Automate Recon and scanning process with Vidoc. All security teams in one place
By kannthu
The "Oracle ATG Commerce Panel - Detect" module is a test case designed to detect the presence of the Oracle ATG Commerce panel. This module focuses on identifying misconfigurations or vulnerabilities related to the Oracle ATG Commerce software. It has an informative severity level, meaning it provides valuable information without posing an immediate threat. The module was authored by Dale Clarke.
The detection of the Oracle ATG Commerce panel can indicate potential security risks or misconfigurations within the system.
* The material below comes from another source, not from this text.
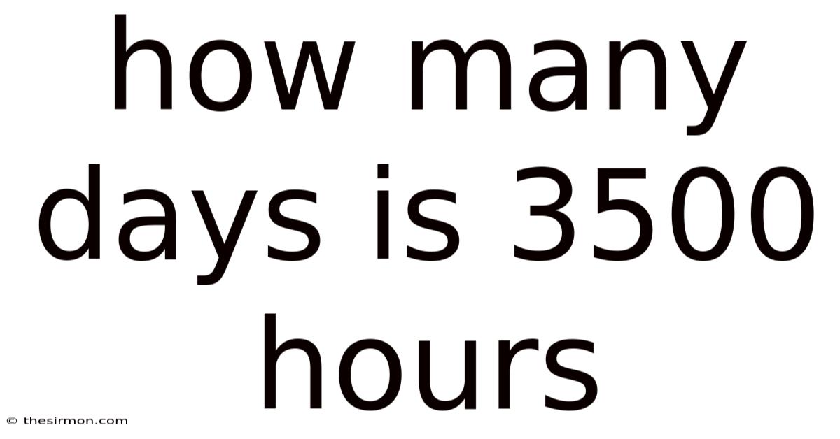 To break this down further, 3500 hours is equivalent to 145 full days plus an additional 19 hours and 59 minutes. This can be calculated by first determining the whole number of days (3500 ÷ 24 = 145.83), then multiplying the decimal portion by 24 to find the remaining hours (0.83 x 24 = 19.92 hours, which rounds to 19 hours and 59 minutes).

It is important to address any identified issues promptly to ensure the security and stability of the Oracle ATG Commerce platform.
The "Oracle ATG Commerce Panel - Detect" module utilizes HTTP request templates and matching conditions to identify the presence of the Oracle ATG Commerce panel. It performs the following checks:
- Checks the HTTP response headers for the presence of the "x-atg-version" and "atg_session_id" keywords. This helps identify if the Oracle ATG Commerce panel is being used. - Verifies that the HTTP response status code is 200, indicating a successful request.By combining these matching conditions, the module determines whether the Oracle ATG Commerce panel is present or not.
Example HTTP request:
GET / HTTP/1.1
Host: example.com
User-Agent: Mozilla/5.0 (Windows NT 10.0; Win64; x64) AppleWebKit/537.36 (KHTML, like Gecko) Chrome/58.0.3029.110 Safari/537.3
The module matches the response headers and status code against the defined conditions to determine if the Oracle ATG Commerce panel is detected.